Les députés reviennent ensuite sur les grandes préoccupations de l'Union en matière de sécurité et s’expriment comme suit :
- Balkans occidentaux : les députés réaffirment que l'objectif poursuivi par l'Union en Bosnie-et-Herzégovine demeure la mise en place d'un État stable, pacifique et multiethnique. Ils apellent donc les dirigeants politiques de ce pays à satisfaire aux objectifs de mise en œuvre de la paix qui tardent à se réaliser. Les députés craignent en particulier un désengagement de la communauté internationale en Bosnie-et-Herzégovine;
- Partenariat oriental : les députés soutiennent l'approche retenue par la Commission dans sa communication sur un partenariat oriental, qui vise à établir une zone de libre-échange et à mettre en place une coopération dans tous les aspects de la sécurité, en particulier la sécurité énergétique. Ils estiment toutefois que ce partenariat devrait s'accompagner d'un doublement de l'aide financière de l'UE et d'une forte dimension politique. Les députés invitent également l’Union à prendre sans plus tarder des mesures pour faciliter les procédures d'octroi de visas aux citoyens du Belarus;
- Géorgie : une nouvelle fois, les députés rendent hommage à la présidence française qui a permis de faire en sorte que l'Union joue un rôle clé dans la fin de la guerre en Géorgie. Ils demandent maintenant au Conseil d’insister pour que l'accord de cessez-le-feu soit pleinement appliqué.

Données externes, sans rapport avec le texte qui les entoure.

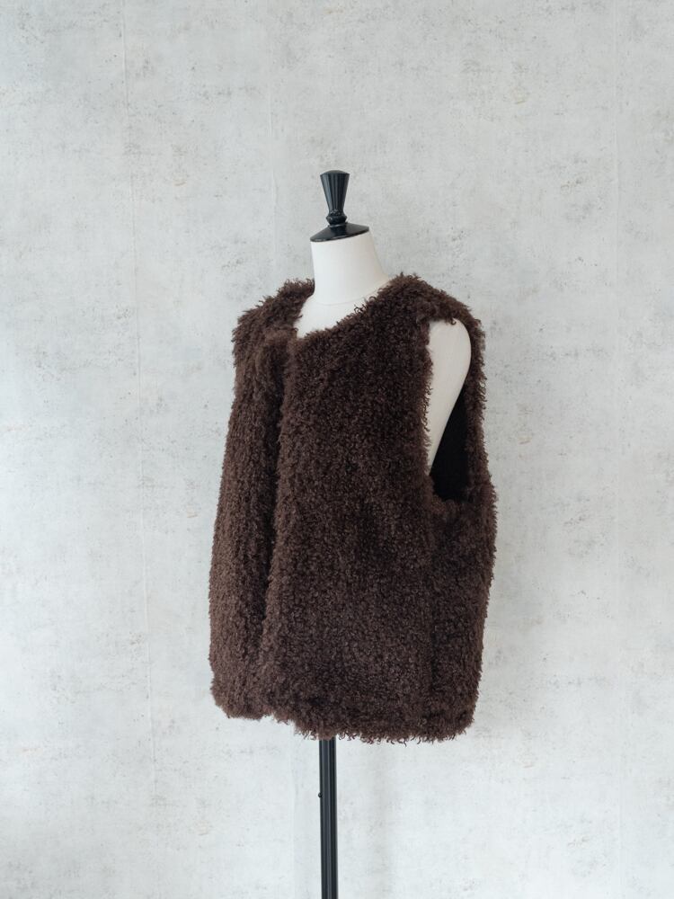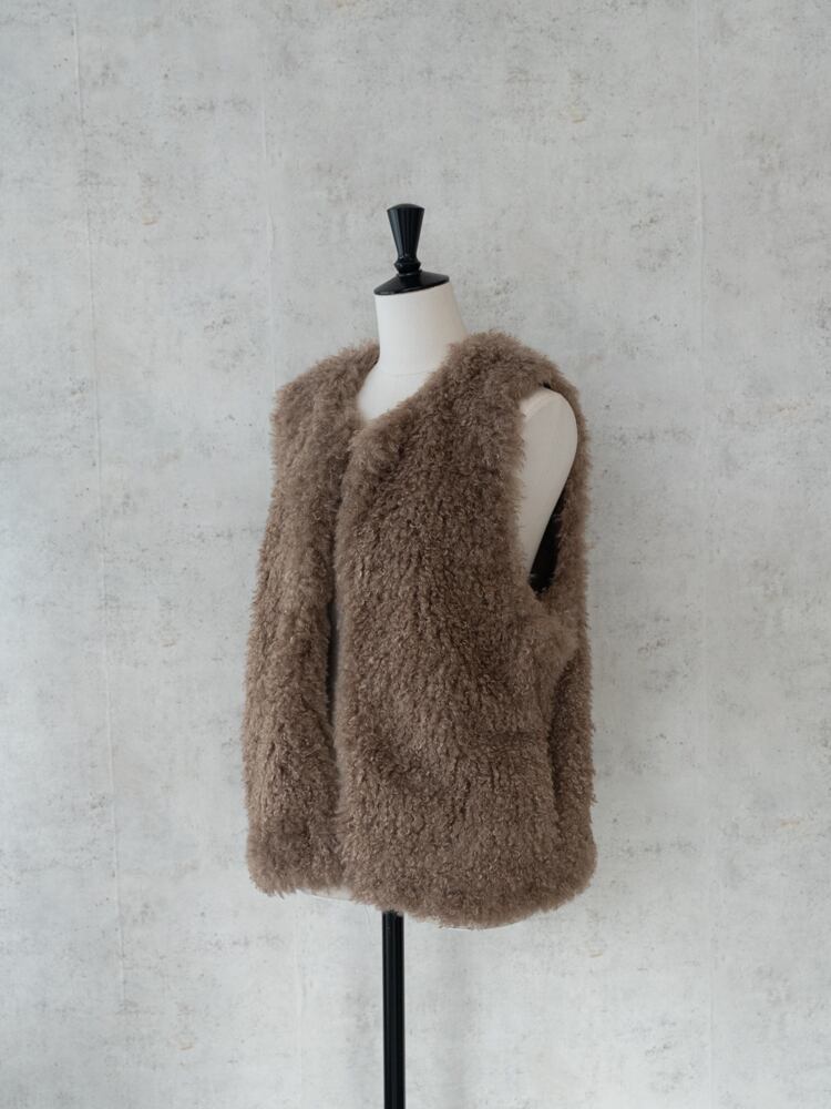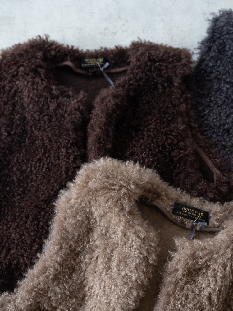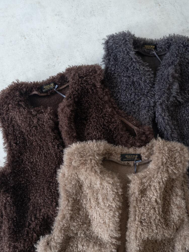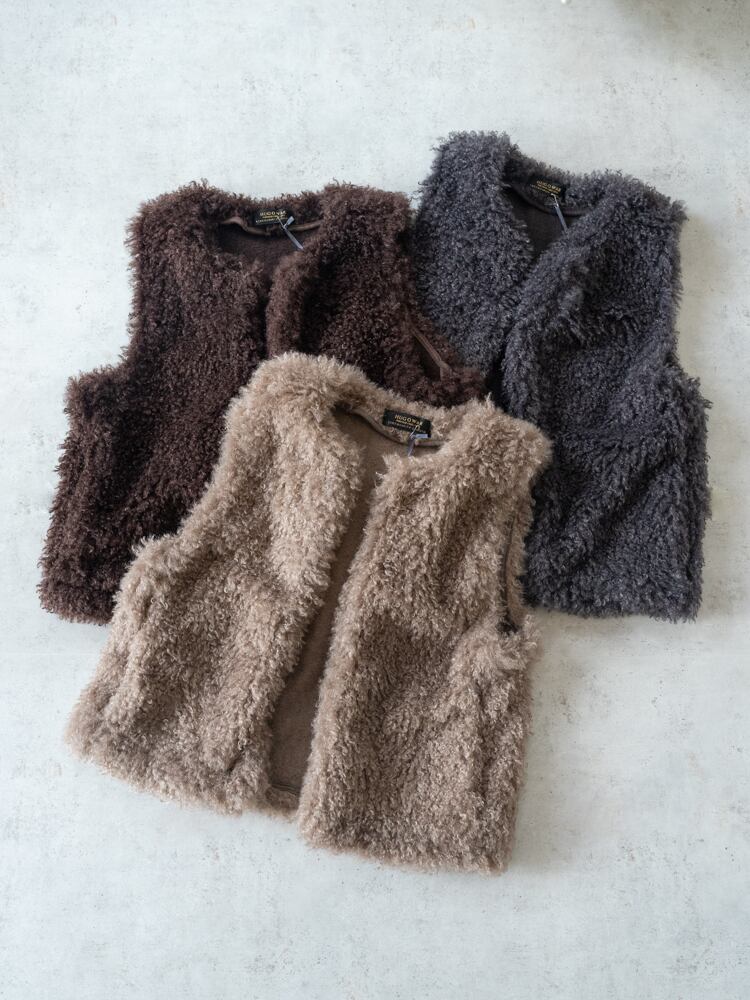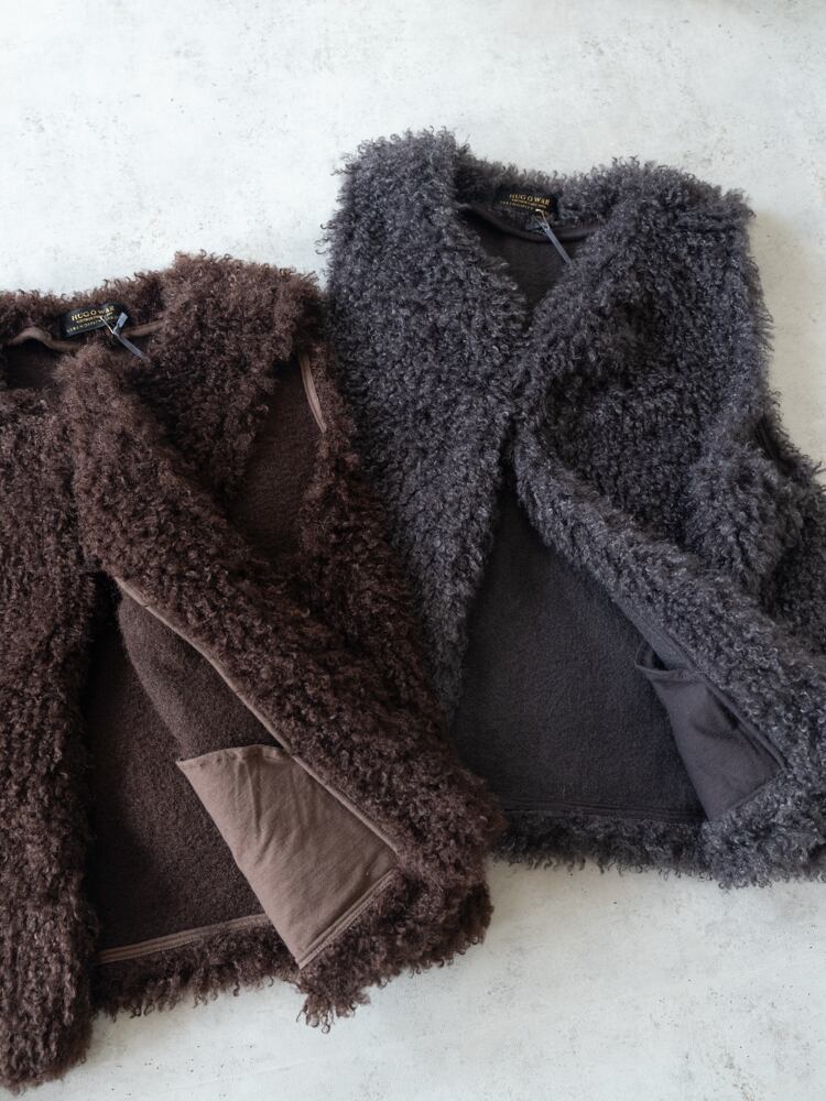 再入荷しました。上質な肌触りとカーリーな毛足が魅力のシーズンライクなファーベスト。
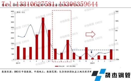 那么,預(yù)判今年用鋼情況的話,可以參考從2021年-2022年4月份以來的50家代表房企每月拿地總額數(shù)據(jù),假如往前倒推6個月,2022年1月起的房地產(chǎn)用鋼情況大致可以參照2021年7月起的拿地?cái)?shù)據(jù),因?yàn)樗⒎且灰粚?yīng)的關(guān)系。我們可以看到,從2021年10月以來的拿地?cái)?shù)據(jù)不容樂觀,單月同比跌幅持續(xù)低于-50%水平線以下,預(yù)示接下來三季度的房地產(chǎn)新開工以及其用鋼情況理論上應(yīng)該是很差的。

Plus loin, les députés estiment que l'UE devrait suivre les autres conflits potentiels dans cette région, en coopération avec la Turquie ;
- Russie : les députés sont convaincus que la normalisation des relations UE-Russie implique que ce pays consente à autoriser les observateurs internationaux à suivre la situation en Ossétie du Sud et en Abkhazie et qu'aucun partenariat stratégique ne sera possible avec la Russie si les valeurs de démocratie, de respect des droits de l'homme et d'État de droit ne sont pas pleinement respectées. Ces valeurs doivent donc être au cœur des négociations en cours en vue d'un nouvel accord de partenariat et de coopération avec ce pays;
- Proche et Moyen-Orient : les députés déplorent la dégradation de la situation au Proche-Orient et le lourd tribut humain payé par la population civile lors du conflit armé dans la bande de Gaza. Les députés estime que l'Union a un rôle politique incontestable à jouer dans la région, proportionnel aux ressources financières qu'elle a mises à disposition, pour apporter une réponse à la grave crise humanitaire qui frappe la bande de Gaza. Les députés demandent au Conseil de poursuivre ses efforts en vue d'arriver à un cessez le feu permanent dans cette région et invitent le Conseil à étudier toutes les possibilités de promotion d'une paix durable au Proche-Orient. Si les députés soutiennent le renouvellement du mandat de la mission de police de l'UE dans les territoires palestiniens et son élargissement au point de passage de Rafah, les députés attendent que ces initiatives contribuent à restaurer la liberté de mouvement dans les territoires palestiniens. En ce qui concerne le Moyen-Orient, les députés attendent de l'UE un engagement renforcé en Irak, un renforcement des relations avec l'Iran (sachant que ces relations devraient couvrir, outre le volet nucléaire, la coopération commerciale et énergétique et la stabilité régionale). Les députés se disent également préoccupés par la détérioration de la sécurité en Afghanistan. Ils rappellent qu'il est urgent d'améliorer la coopération entre l'UE et l'OTAN dans cette zone ;
- Afrique : les députés demandent au Conseil d'élargir son programme en faveur de l'Afrique, de sorte à englober un éventail de politiques plus large qu'à l'heure actuelle. Des initiatives sont également réclamées pour renforcer la présence de l’Union au Darfour, en Somalie et en RDC ;
- Amérique latine : enfin, les députés réitèrent leur appel à un partenariat global et une stratégie commune pour renforcer les relations entre l'Union européenne et l'Amérique latine.